東京府美術館の時代 1926〜1970@現美
本当はこっちメインで観にいった。かつて上野にあった「東京府美術館」を4つの展覧会を通して振り返る展覧会。地味だー地味だー。こういうのだいすきだー!多分お金がないからこういう展覧会をするんだろうな。 昔はいわゆる日本の近代絵画って地味だし暗いし全然興味なかったのですが、日本の近代への興味とともにこの混沌とした文化の匂いが大好きになりました。
欲を言えばこの倍くらいはボリュームが欲しかったな……。
展示で言えば1970年の人間と物質展の写真はおもしろかったです。"現代的"かつエネルギーが溢れているという空気が伝わってきました。

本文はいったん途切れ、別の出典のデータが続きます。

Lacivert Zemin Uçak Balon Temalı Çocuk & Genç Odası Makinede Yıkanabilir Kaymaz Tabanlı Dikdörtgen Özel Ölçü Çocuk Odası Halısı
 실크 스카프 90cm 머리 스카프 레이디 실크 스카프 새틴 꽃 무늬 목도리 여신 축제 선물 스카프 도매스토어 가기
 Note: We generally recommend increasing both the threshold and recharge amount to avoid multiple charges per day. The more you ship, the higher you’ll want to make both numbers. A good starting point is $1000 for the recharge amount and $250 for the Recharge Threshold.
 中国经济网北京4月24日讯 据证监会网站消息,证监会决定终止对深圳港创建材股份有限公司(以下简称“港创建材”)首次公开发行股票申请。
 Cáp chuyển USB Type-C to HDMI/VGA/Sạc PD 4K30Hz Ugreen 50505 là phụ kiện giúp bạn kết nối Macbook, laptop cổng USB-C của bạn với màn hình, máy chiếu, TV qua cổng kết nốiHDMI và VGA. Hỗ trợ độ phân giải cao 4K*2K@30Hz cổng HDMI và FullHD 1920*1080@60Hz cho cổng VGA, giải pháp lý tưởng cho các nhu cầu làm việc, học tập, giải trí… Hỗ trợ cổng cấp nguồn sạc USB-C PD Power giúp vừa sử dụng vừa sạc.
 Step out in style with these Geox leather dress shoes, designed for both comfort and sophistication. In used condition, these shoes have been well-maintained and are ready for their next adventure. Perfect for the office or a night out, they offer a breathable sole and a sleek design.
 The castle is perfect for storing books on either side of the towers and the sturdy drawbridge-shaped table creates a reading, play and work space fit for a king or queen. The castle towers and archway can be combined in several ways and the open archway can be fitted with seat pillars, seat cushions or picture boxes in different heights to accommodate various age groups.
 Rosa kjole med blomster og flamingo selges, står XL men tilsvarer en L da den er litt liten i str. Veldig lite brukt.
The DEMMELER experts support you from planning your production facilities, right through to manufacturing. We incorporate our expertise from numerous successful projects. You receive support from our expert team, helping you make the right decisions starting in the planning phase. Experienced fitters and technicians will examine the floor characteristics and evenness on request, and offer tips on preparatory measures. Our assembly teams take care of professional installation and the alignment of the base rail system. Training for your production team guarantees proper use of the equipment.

あと1920年代の東京府美術館の様子とかももちろんよかった(それを観にいった)(でももっと観たかった) 関東大震災の復興の中、江戸の町並みを失い、けれどそれは確かに、「今」につながっている。すごいなー。なんか前も書いたんですが、どうも私は1920年代とかが好きなんですが、この都市生活がはじまる20年代の世界は、本や絵やそういうものを伝ってではありますが、自分がぎりぎりリアリティを持って「想像可能」な「異世界」なんだろうなあ、と。
うむうむ。ふたつまとめてだいぶ満足でした。
展覧会日記は別の場所に移そうと思っていたのですが、秋は面白そうな展覧会がものすごくいっぱいあるので自分的にもメモ。先日写美のブラッサイの展覧会を思いっきり観そびれてしょぼーっとなったので、他のはがんばる。とりあえず上野のポルケの展覧会に行くぞー! 行きそびれたら多分泣く。